Поэтому мы, нынешние, должны спросить, слышим ли мы и как мы слышим требование, которое говорит из великого основоположения всякого представления? Ощущаем ли мы могущество этого требования? Да. Человек Нового времени, конечно, слышит это требование. Он слышит его необычайно решительным образом, и именно так, что все исключительнее, все быстрее становится зависимым от могущества этого основоположения. Более того, современный человек рискует сравнивать величину всего великого лишь с масштабом власти principium rationis. Сегодня мы знаем, уже по-настоящему этого не понимая, что современная техника неудержимо толкает к тому, чтобы довести свое оборудование и свои изделия до всеобъемлющего, максимально возможного совершенства. Это совершенство заключается в полноте поддающегося исчислению обеспечения предметов, расчета, производимого с ними, и обеспечения гарантии исчисляемости возможностей учета.
Совершенство техники является лишь эхом требования perfectio, т.е. полноты обоснования. Это требование говорит, исходя из principium reddendae rationis sufficientis, основоположения достаточного основания, которое необходимо доставить. Кратко повторим предпринятые здесь мыслительные шаги в качестве перехода к последующему:
Современная техника понуждает к максимально возможному совершенствованию. Это совершенствование покоится на всеобщей исчисляемости предметов. Исчисляемость предметов предполагает неограничиваемую значимость principium rationis. Следовательно, охарактеризованная здесь власть положения об основании определяет сущность современного технического века.
И сегодня человечество дошло до того, чтобы последовать вовлеченности в нечто, чего до сих пор не могло возникнуть в его истории. Человечество вступает в век, которому оно дало имя «атомный век». Недавно вышедшая из печати и рассчитанная на широкую аудиторию книга носит такое название: «Мы будем жить благодаря атому». Эта книга снабжена напутственным словом лауреата Нобелевской премии Отто Хана и предисловием нынешнего министра обороны Франца Йозефа Штрауса. Заключая свое введение авторы пишут:
Итак, атомный век может быть полным надежд, цветущим, счастливым веком, веком, в котором мы будем жить благодаря атому. Это зависит от нас!
Конечно, это зависит от нас; это зависит от нас и кое-чего другого, а именно от того, размышляем ли мы еще, хотим и можем ли мы вообще еще размышлять. Между тем, если мы должны достичь пути осмысления, то, прежде всего, нужно научиться распознавать различие между только считающим и осмысляющим мышлением. Благодаря тому, что мы видим это различие, мы предпринимаем сейчас попытку осмысления, имея в виду положение об основании.
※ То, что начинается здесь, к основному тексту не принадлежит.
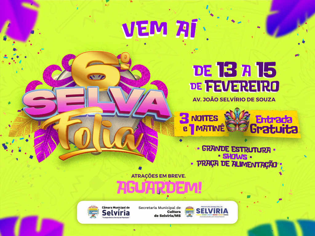 A Prefeitura de Selvíria, por meio da Secretaria Municipal de Cultura, confirmou a realização da 6ª edição do Selva Folia, tradicional evento de Carnaval do município. Com entrada gratuita, a festa promete movimentar a cidade, com atrações que serão divulgadas nos próximos dias.
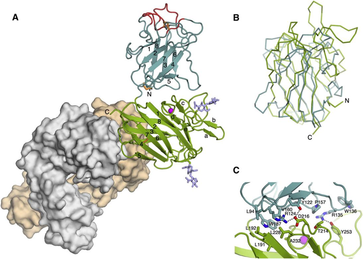 DDR1结构中存在一些主要的结构域,包括位于细胞外区域的N端DS结构域,它与各种胶原蛋白结合,下面是类似球状的盘状结构域(DS-like)。在DS-like下面,是胞外并膜(EJXM)结构域,大约50个氨基酸残基;之后是TM结构域、细胞膜或胞内并膜(IJXM),IJXM大约有171个氨基酸残基;IJXM之后是酪氨酸KD,包含300多个氨基酸残基;DDR1在IJM结构域有7个酪氨酸残基,在KD有8个酪氨酸残基,总共有15个酪氨酸残基;最后是C末端尾巴。

Мы начнем с того, что, во-первых, лишь обратим наше внимание на то, что же скрывается в том, на первый взгляд, безобидном именовании, которое называет некое время «атомным веком». Что же в этом особенного? Впервые в истории человек объясняет эпоху своего исторического Dasein, исходя из напора и выработки природной энергии. А это выглядит так, словно уже не хватает масштабов и силы размышления, чтобы в достаточной мере испытывать нечто странное и тревожащее в таком истолковании нынешнего века, благодаря чему мы беспрерывно и все более решающим образом оказываемся этим затронутыми.
Dasein человека запечатлено атомной энергией!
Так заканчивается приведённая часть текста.